Ошибались те, кто пытался рассматривать «Фрегат «Палладу» как научное описание. Гончаров отнюдь не претендовал на это. Выдающийся русский критик Д. И. Писарев справедливо указывал, что на «Фрегат «Палладу» Гончарова «должно смотреть не как на путешествие, но как на чисто художественное произведение», что в его очерках «мало научных данных, в них нет новых исследований, нет даже подробного описания земель и городов, которые видел Гончаров; вместо всего этого читатель находит ряд картин, набросанных смелою кистью, поражающих своей свежестью, законченностью и оригинальностью».
[116]
К рассказу о своем путешествии Гончаров подходил как художник. Из всей массы впечатлений и наблюдений он отбирал самое важное, характерное, в образах и картинах воспроизводил реальную, а не вымышленную жизнь.

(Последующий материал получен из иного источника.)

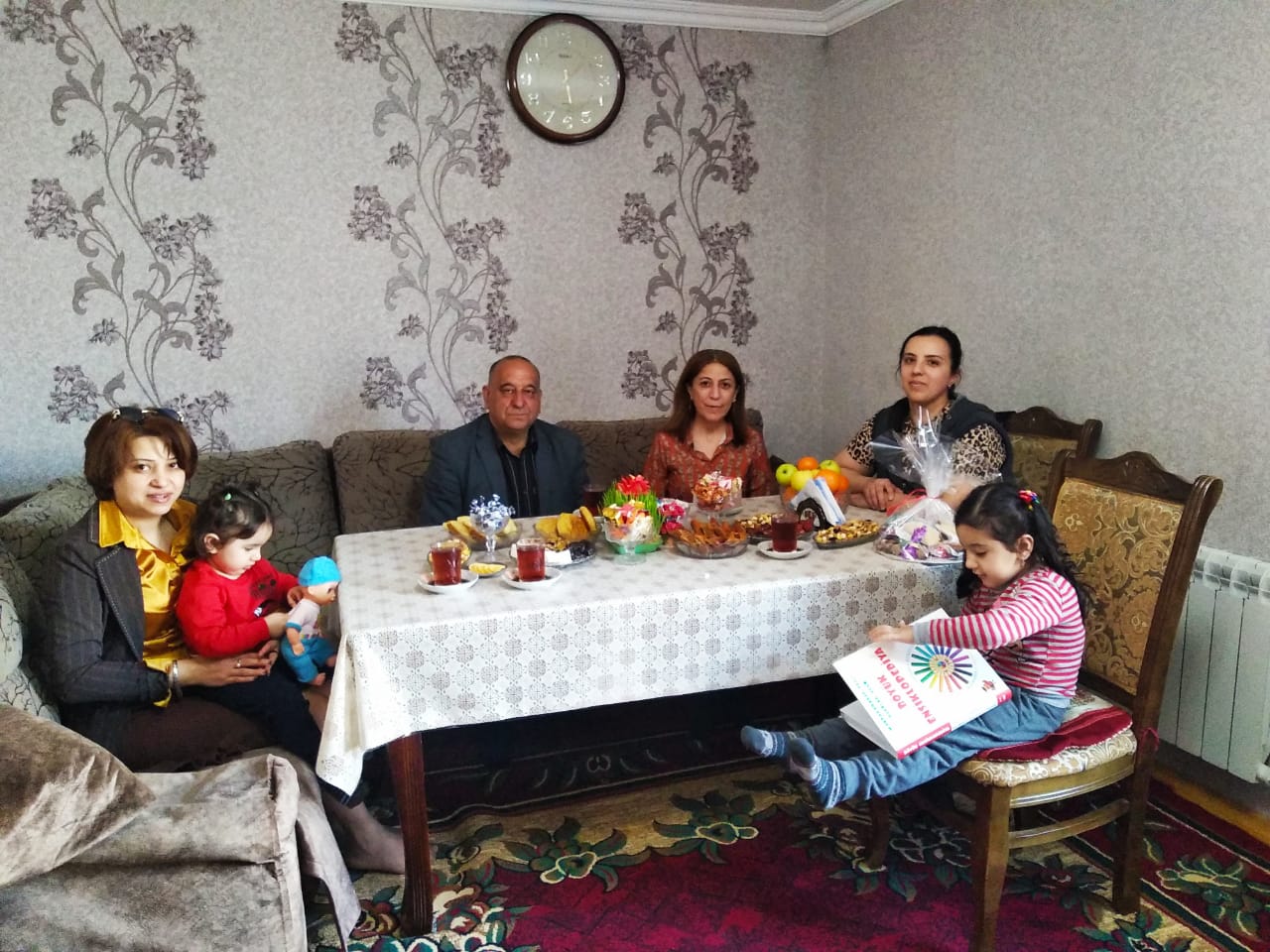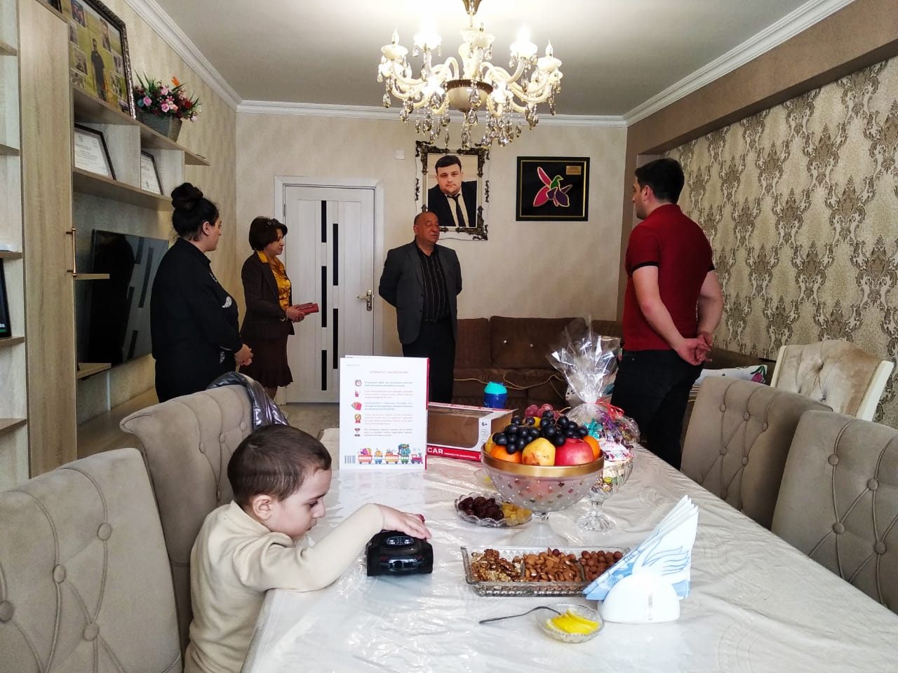 Uşaq şöbəsinin əməkdaşları onun oğlu Hüseynin 3 yaşı olması münasibətilə Corat bağları yaşayış massivindəki evdə olublar.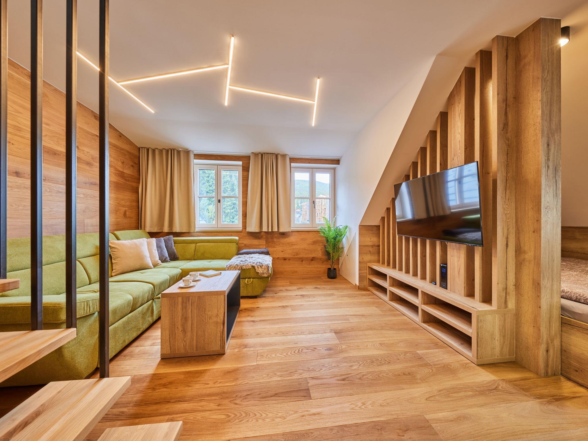 Moderne, freistehende, luxuriöse Residenz "Máj", auf 3 Stockwerken, renoviert im Jahre 2023. Im Ortszentrum von Pec pod Snežkou, 100 m vom Waldrand, 1.3 km vom Skigebiet, 10 m vom Fluss. Im Hause: Skiraum, Zentralheizung. Parkplatz beim Haus. Einkaufsgeschäft 60 m, Lebensmittelgeschäft 200 m, Restaurant 60 m, Bar, Café 100 m, Fahrradverleih 500 m, Biergarten 60 m, Bushaltestelle "Pec pod Snežkou" 300 m, Hallenbad 500 m. Sportzentrum 500 m, Wanderwege ab Haus, Radweg 20 m, Skilift 1.3 km, Sessellift 1.3 km, Skisportanlagen 1.3 km, Skiverleih 60 m, Skibushaltestelle 200 m, Skischule 1.3 km, Kinderskischule 1.3 km, Langlaufloipe 150 m, Kinderspielplatz 400 m. Nahe gelegene Sehenswürdigkeiten: Relaxpark, bobová dráha 400 m, Snežka (lanovka) 1.2 km, Obrí dul, Modrý dul, vodopády 3 km, Malá Úpa 8 km, Janské Lázne 15 km, Vrchlabí, Trutnov 30 km. Bekannte Skigebiete sind gut erreichbar: Pec pod Snežkou – Cerná Hora 1.3 km, Velká Úpa 2.5 km, Janské Lázne 15 km. Bekannte Seen in der Umgebung sind gut erreichbar: Dolce 25 km. Wandergebiete: Krkonošský národní park. Jugendgruppen nur auf Anfrage. Der Besitzer akzeptiert keine Jugendgruppen.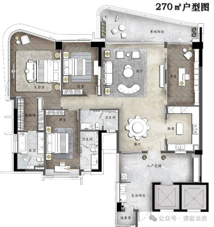 【A户型】王牌户型 270㎡环幕江景四房,约9米超大邮轮式阳台,一线望江无遮挡,专梯专户,墅级空中双花园,约28㎡超大私家庭院,多功能空间,约42㎡超大主卧空间,270°环幕江景,阔绰双主套房设计。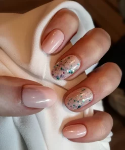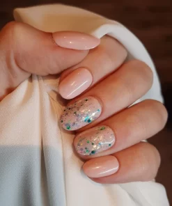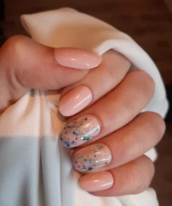 B-37 is een nuderoze setje van korte ronde nagels met blauwe glittertjes op de accentnagels.

Реализм Гончарова проявился в описаниях не только жизни и быта народов разных стран, но и природы. Даже когда голос художника начинает звучать патетически, в его картинах нет и следа искусственности, умышленного украшательства, риторики. Вот художник рисует угасающее солнце, наступление ночи: «Фиолетовая пелена покрыла небо и смешалась с пурпуром; прошло еще мгновенье, и сквозь нее проступает темнозеленый, яшмовый оттенок: он в свою очередь овладел небом… Наступает, за знойным днем, душно-сладкая, долгая ночь, с мерцанием в небесах, с огненным потоком под ногами, с трепетом ночи в воздухе. Боже мой! Даром пропадают здесь эти ночи: ни серенад, ни вздохов, ни шопота любви, ни пенья соловья! Только фрегат напряженно движется, и изредка простонет да хлопнет обессиленный парус, или под кормой плеснет волна — и опять все торжественно и прекрасно-тихо!»

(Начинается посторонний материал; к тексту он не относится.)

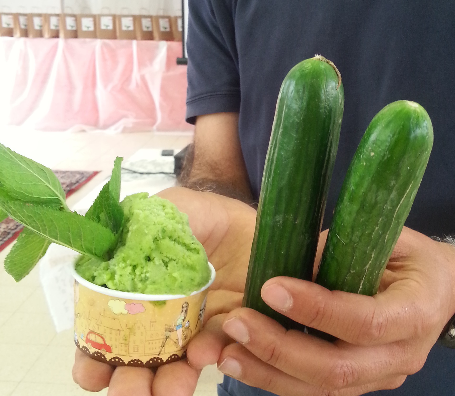 גלידת סורבה מלפפון, שיתוף פעולה ייחודי בין חקלאי מושב אחיטוב ליצרנית הגלידות ד"ר לק. רק 30 קלוריות לכדור גלידה שמתאים גם לטבעוניים מאחר ואינו מכיל רכיבים מן החי.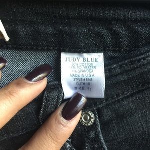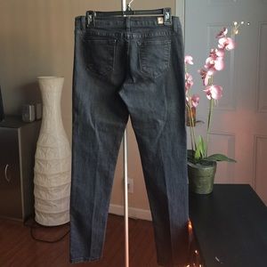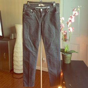 Dark gray/faded black color. 80% cotton 16% polyester 4% spandex. 29" inseam. In good condition.

Писатель не сразу нашел нужную форму для своего произведения. Уже в начале путешествия он ставил перед собой вопрос, каким должен быть жанр его очерков. В мировой и русской очерковой литературе существовали известные традиции, в частности стерновская традиция «сентиментальных путешествий», оказавшая свое влияние на Карамзина. До Гончарова очерки путешествия писались В. П. Боткиным, П. В. Анненковым и другими. Гончаров сначала полагал, что только их «тонкое перо» может передать все им увиденное. Но как самобытный художник пушкинско-гоголевской школы он выработал, создал новую, свою «поэтику» описания путешествия.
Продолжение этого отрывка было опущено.